Analysis of blood and urine samples
The quantification of DEHP and MEHP in the blood samples was carried out according to a previously published procedure [2]. In brief, the analytes were extracted from the blood using liquid-liquid extraction, separated using liquid chromatography, and detected by tandem mass spectrometry. The limits of quantification (LOQ) were 5.0 μg/L for DEHP and 2.0 μg/L for the metabolite MEHP. An analysis of spiked quality control samples (QC) indicated a precision range of 4.4–5.3% and an accuracy (recovery) of 100–109% for both analytes.

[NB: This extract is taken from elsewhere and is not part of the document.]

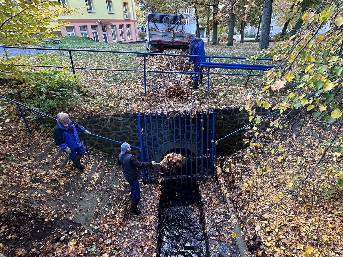 Litvínov – Litvínovem protéká hned několik potoků, jejich koryta vedou částečně i lesy. Nyní na podzim do nich padá spousta listí, které koryto ucpává. Aby se voda nevylila, musí je vodohospodáři pravidelně čisti.

The urine samples were processed according to a previously published procedure [21] that enables the determination of the primary metabolite MEHP and three secondary DEHP metabolites, namely mono-(2-ethyl-5-hydroxyhexyl) phthalate (5OH-MEHP), mono-(2-ethyl-5-oxohexyl) phthalate (5oxo-MEHP) and mono-(2-ethyl-5-carboxypentyl) phthalate (5cx-MEPP) in urine. Briefly, the urine samples were initially enzymatically hydrolyzed. The sample cleanup and enrichment of the analytes was accomplished by the application of an online cleanup procedure using a restricted access material. Subsequently, the analytes were chromatographically separated on an analytical column, and detected using tandem mass spectrometry. The limit of quantification was 0.5 μg/L for each analyte. An analysis of spiked quality control samples (QC) indicated a precision range of 7.3–11.0% and an accuracy (recovery) of 92–105% for all analytes. Moreover, the proficiency of the procedure was proved by the successful participation in the proficiency test program of the German External Quality Assessment Scheme (G-EQUAS; [22]).
Statistical analysis
The statistical analyses were performed using R software version 3.5.0 (R Core Team (2016): R: A language and Environment for Statistical Computing, Vienna Austria, URL: www.r-project.org). Continuous characteristics were described as median [Minimum; Maximum] and categorical characteristics as n (%). Comparison of two independent groups was performed using Mann-Whitney U test for continuous characteristics and Fisher’s exact test for binary characteristics. No statistical tests were performed to compare categorical characteristics with more than two categories because of the limited number of cases. Statistical significance was assumed for p-values of less than 0.05 using a two-sided significance level of α = 5%. There was no correction of p-values in this explorative analysis.
Results
The determined DEHP blood levels of the ECMO patients and the patients of the control group ranged from 31.5 to 1009 μg/L (median 156.0 μg/L) and from 19.4 to 75.3 μg/L (median 36.4 μg/L), respectively. MEHP blood levels were determined to range from < LOD to 475 μg/L (median 15.9 μg/L) in the ECMO patients and from < LOD to 9.9 μg/L (median 3.7 μg/L) in the control group patients, respectively (Fig 1).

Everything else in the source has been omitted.